Assuming that there are no duplicates, can we model this using probabilities? What is the distribution corresponding to the first value? We have N values picked out of a large range. So the probability that any value has been picked is N over the range. We recognize the geometric distribution. Once you have found the first value, you can repeat this same reasoning except that we now have N-1 values over a somewhat restricted range (because we generate them in sorted order).

  1. Generate a value over the range R using a geometric distribution with probability N/R.
  2. Append the value to my output array.
  3. Reduce the range R with the constraint that all future values must be larger than the last value appended to the output array.
  4. Decrement N by one.
  5. Repeat until N is 0.

You can use the fact that we can cheaply generate numbers according to a geometric distribution:

floor(log(random_number_in_0_1()) /log(1-p));

All you need is a way to generate random numbers in the unit interval [0,1] but that is easy. In C++ and many other programming languages, you have builtin support for geometric distributions.

The net result is an O(N) algorithm to pick N values at random over a range.

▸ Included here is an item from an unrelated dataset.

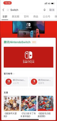 上微信搜索「Switch」或「健身环」,你会发现微信专门为其定制了一套呈现方式。
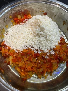 - Reduce focul și adaugă orezul. Amestecă 1-2 minute până ce orezul se încorporează bine cu legumele și se călește ușor.

There is a catch, however. My model is not quite correct. For one thing, we do not quite have a geometric distribution: it is only valid if the range is very, very large. This manifests itself by the fact that the values I generate may exceed the range (a geometric distribution is unbounded). We can patch things up by stopping the algorithm once a value exceeds the range or some other anomaly occurs.

So I ran a benchmark where I have to pick 100,000,000 values among all integers smaller than 40,000,000,000. I get that the time per value generated is about half using the geometric-distribution approach:

sort-based 170 ns
geometric 80 ns

For larger arrays, I can achieve 3x to 4x gains but then my software runs out of memory.

My code is available.

What else could you do? Another practical approach would be to divide up the range into many small subranges and to use the fact that the number of values within each subrange follows a binomial distribution (which can be approximated by a normal distribution), to do a divide-and-conquer approach: instead of having to pick many values in a large range problem, we would have several small “pick few values into a small range” problems. For each small problem, you can afford to do a sort-based approach since sorting small arrays is fast.